# $50 blue jeans from Strictly Reptiles?



## ktewell (Dec 17, 2009)

Does anyone have any info on the blue jeans pumilio from Strictly Reptiles? Are they the true blue jeans morph or just mancreeks? They seem underpriced.


----------



## ggazonas (May 11, 2008)

ktewell said:


> Does anyone have any info on the blue jeans pumilio from Strictly Reptiles? Are they the true blue jeans morph or just mancreeks? They seem underpriced.


most likely mancreeks or almirante


----------



## stemcellular (Jun 26, 2008)

I nearly spit out my coffee when I read the title....all I'm saying.


----------



## GBIII (Mar 20, 2008)

stemcellular said:


> I nearly spit out my coffee when I read the title....all I'm saying.


ditto...lol


----------



## poimandres (Mar 28, 2009)

stemcellular said:


> I nearly spit out my coffee when I read the title....all I'm saying.


LMAO +1...we are talking about frogs right?

Anyway, for that price I would be highly suspect of the frog. Forget it being a real BJ and even if it is, there is no way that you will get any concrete local/import information. 

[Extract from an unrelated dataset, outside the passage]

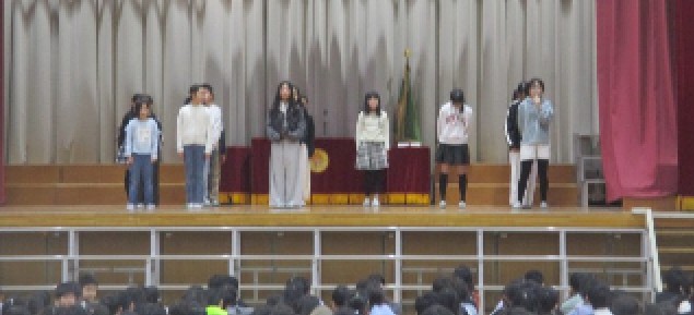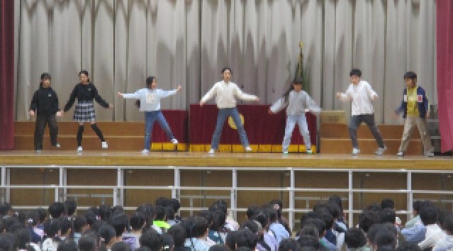 今日の児童集会は、パフォーマンスクラブの発表でした。1年間、クラブ活動の時間に練習してきた成果を全校の前で発表しました。

Do you have a link to their site? or an add to where the frog is listed?


----------



## Redhead87xc (Jan 27, 2010)

Love the title. Enough said


----------



## christina hanson (Feb 16, 2004)

You know you've been keeping Dendrobatids for too long when that title doesn't even register as funny till you read the comment thread.... Awesome.


----------



## ChrisK (Oct 28, 2008)

Yeah I was thinking isn't this the wrong forum for that ad?


----------



## ggazonas (May 11, 2008)

christina hanson said:


> You know you've been keeping Dendrobatids for too long when that title doesn't even register as funny till you read the comment thread.... Awesome.

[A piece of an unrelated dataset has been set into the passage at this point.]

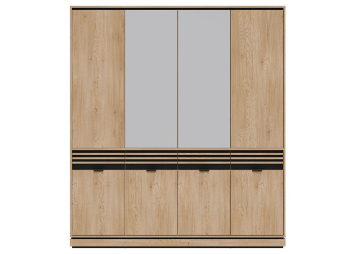 Šatníková skriňa FERRO FE11 predstavuje vkusnú kombináciu dizajnu a funkčnosti, ktorá nájde uplatnenie v spálni, predsieni aj obývacej izbe. Pri šírke 182 cm ponúka táto skriňa bohatú kapacitu pre váš kompletný šatník, sezónne oblečenie či iné domáce potreby. Vnútorné usporiadanie je šikovne rozdelené na policovú a vešiakovú časť, čo zaručuje maximálny prehľad. Praktickou vychytávkou sú horné dvierka so systémom „Push to Open“ a stredové zrkadlá, ktoré opticky zväčšujú miestnosť a uľahčujú každodennú úpravu zovňajšku.

I am definitely in that boat because i didn't even notice it till now and I've been looking at the thread for 10 minutes.


----------



## ktewell (Dec 17, 2009)

poimandres said:


> Anyway, for that price I would be highly suspect of the frog. Forget it being a real BJ and even if it is, there is no way that you will get any concrete local/import information.
> 
> Do you have a link to their site? or an add to where the frog is listed?


Here is their inventory, they only show prices if you log in but the frog in question is listed at $50.

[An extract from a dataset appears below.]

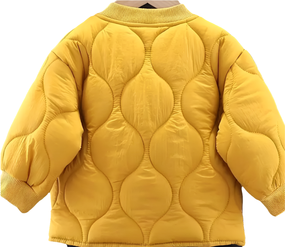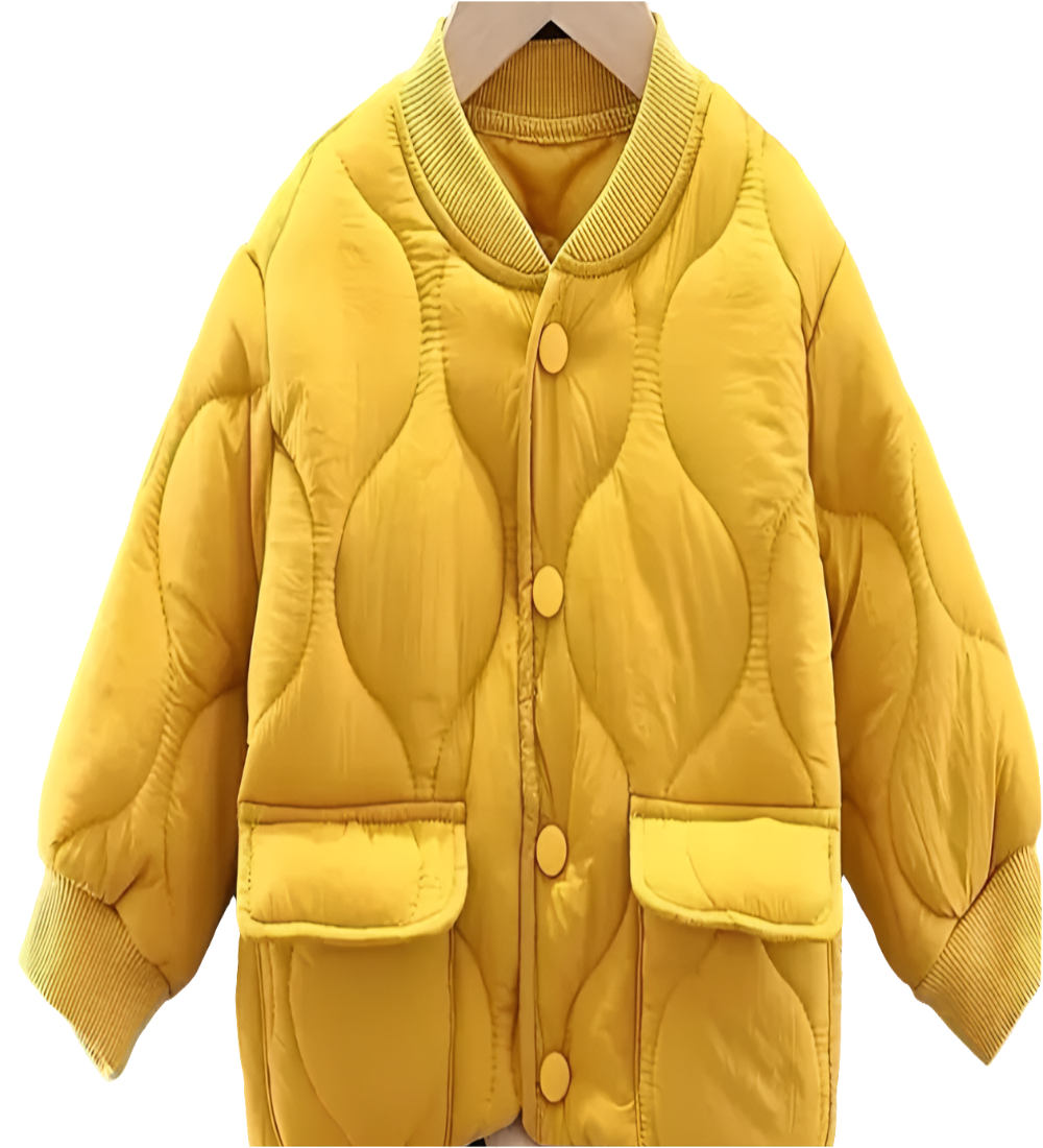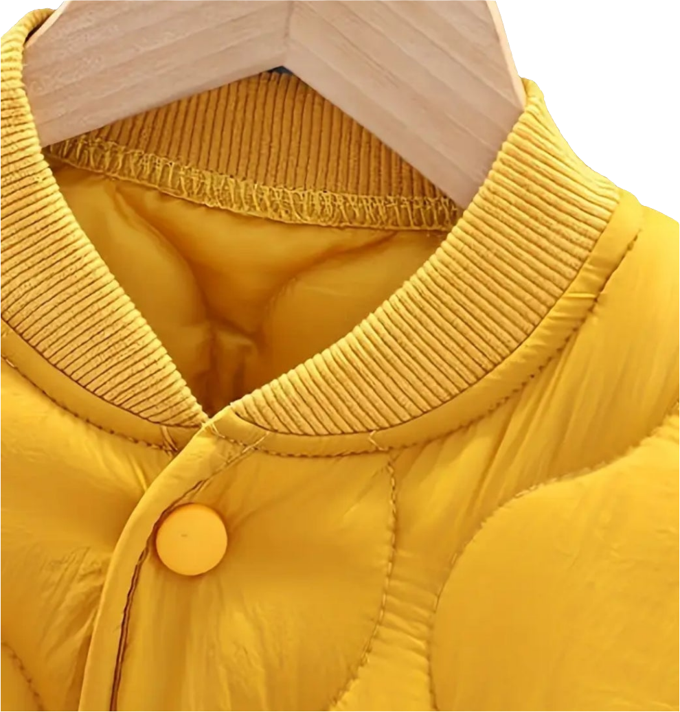 Goudgeel doorgestikt jack met drukknopen en twee voorzakken. Heel geschikt voor de Herfst. / Golden yellow quilted jacket with press studs and two front pockets. Very suitable for autumn. / Chaqueta acolchada amarillo dorado con botones a presión y dos bolsillos delanteros. Ideal para otoño.

Strictly Reptiles - Wholesale Reptiles and Amphibians
(ctrl-f strawberry to jump right to it)


----------



## ChrisK (Oct 28, 2008)

I didn't see any price there, but if you go to their gallery and search strawberry, it looks like a man creek, not a blue jeans


----------



## jeffr (May 15, 2009)

Also did you notice the "NO LIVE ARRIVAL GUARANTEE!!!"


----------



## ChrisK (Oct 28, 2008)

Yeah really


----------



## catman25 (Jul 17, 2007)

cough *** MAN CREEK **** COUGH , COUGH . SRY BOUT THAT LITTLE CONGESTED FROM ALL THE TRAFFIC FROM THE TITLE OF THIS POST , sry bout caps ......... I do not like the non live arrival garantee . That usually not a good sign ..


----------



## ktewell (Dec 17, 2009)

Mark got back to me, he confirmed they are mancreeks but they just refer to them as bluejeans since that term is more recognizable.


----------



## poimandres (Mar 28, 2009)

ktewell said:


> Mark got back to me, he confirmed they are mancreeks but they just refer to them as bluejeans since that term is more recognizable.


Yeah, but misleading.


----------



## ChrisK (Oct 28, 2008)

poimandres said:


> Yeah, but misleading.


Yeah really, would they also call a Regina a Citronella?


----------



## jeffr (May 15, 2009)

ktewell said:


> Mark got back to me, he confirmed they are mancreeks but they just refer to them as bluejeans since that term is more recognizable.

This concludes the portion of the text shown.